Although various biomechanical parameters associated to failure of the osteosynthesis have been assessed, the actual failure mode has not. Possible failure modes include screw-bone, screw-plate, or plate failure. These could be influenced by distal screw length. First, shorter screws reduce the screw-bone contact area, which might increase the local damage around the screws during loading and therefore influence total plastic deformation. In this study, residual tilt was chosen as a surrogate parameter to quantify total plastic deformation [33]. Other studies attempted to quantify residual deformation by  the displacement at the fracture gap [34] or along the loading axis [35]. Both parameters are considered less reliable than residual tilt due to their dependence on the specimen's geometry. The herein observed gender differences could be associated to gender differences in BMC or bone geometry. Second, shorter distal screws reduce the screws’ lever arm acting on the plate. This could have an impact on the screw-plate interface. Screw-plate failure, i.e. screw push-out, is a known complication following polyaxial VLPO [36, 37]. To our best knowledge, no biomechanical study has yet analysed this failure mode. In order to get a first insight, we conducted pre- and post-testing lateral radiographs and photographs to visually evaluate screw push-out (Additional file 1).
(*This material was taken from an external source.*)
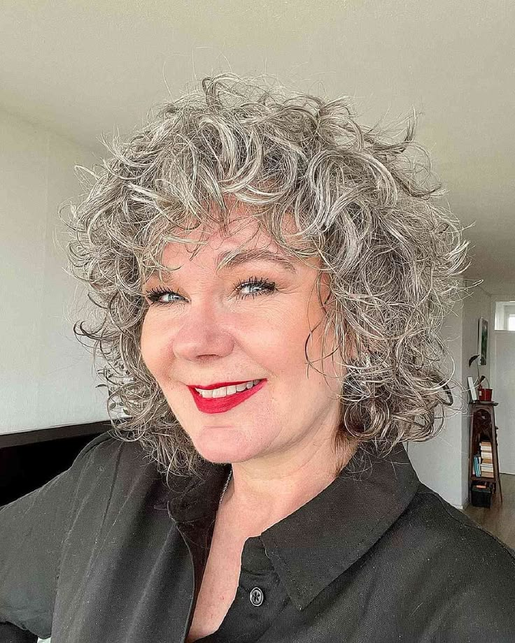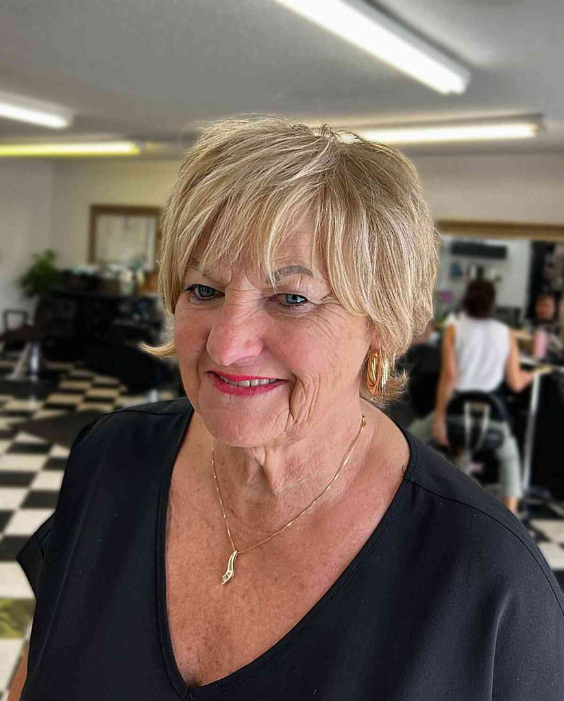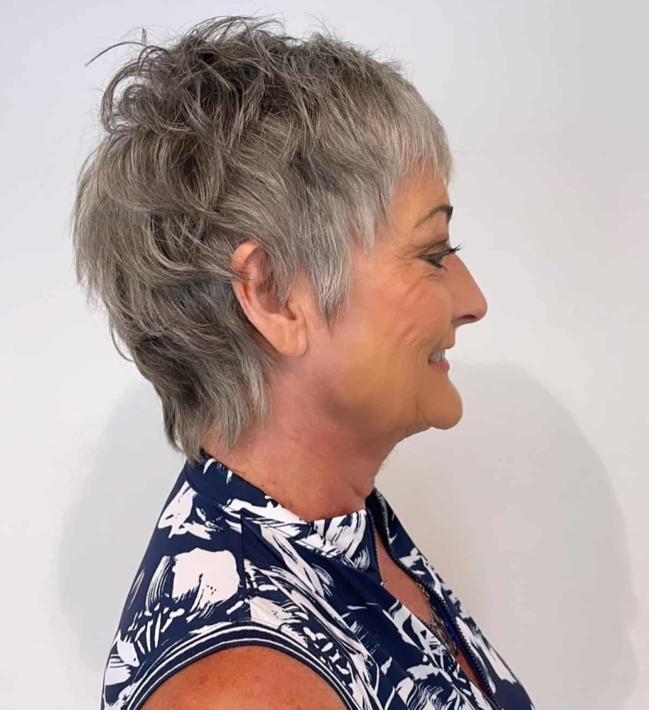 Adding wispy bangs to short shag haircuts for older women creates a soft, romantic frame for the face. The bangs are cut with texture, not bluntness, and can be parted in the middle or swept to the side.

For group A, five screw push-outs (screws 1 (×1), 5 (×2), 8 (×2)) occurred in three specimens. For group B, two screw push-outs (screws 5 (×2)) occurred in two specimens. Still, screw-plate failure is not only influenced by screw length, but by various parameters, including screw orientation and bone quality. Computational analyses are needed to assess the actual load distribution within the screw-plate construct. This would help to optimize the actual load distribution and thereby increase the construct’s overall stability.
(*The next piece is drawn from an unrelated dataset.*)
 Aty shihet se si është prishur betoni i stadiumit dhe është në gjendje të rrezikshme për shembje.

A further limitation might be the used axial loading protocol, as it does not account for all loading conditions during early rehabilitation. Although few authors conducted specific bending and torsion tests [38], most biomechanical distal radius fracture studies applied axial compression testing. Constrained axial compression also results in considerable shear forces and moments and is therefore believed to simulate all relevant forces occurring within the construct [39, 40]. Moreover, while some studies applied fatigue testing [39, 11], our goal was the assessment of primary stability, following previous studies [34, 17, 13]. Finally, the influence of distal screw length was only assessed for the most common distal radius fracture (AO-23 A3) using a biomechanical fracture model. Whether this concept can be adapted to fractures in vivo and intra-articular distal radius fractures (AO-23 C) has yet to be evaluated.

Conclusion

This biomechanical study was able to demonstrate that 75 % distal screw length can provide similar primary stability as unicortical 100 % distal screw length in VLPO. This study, for the first time, provides the biomechanical basis to choose distal screws significantly shorter then measured. Future clinical studies are required to validate this approach in vivo and investigate on the possible reduction of dorsal screw protrusion incidences and subsequent extensor tendon problems.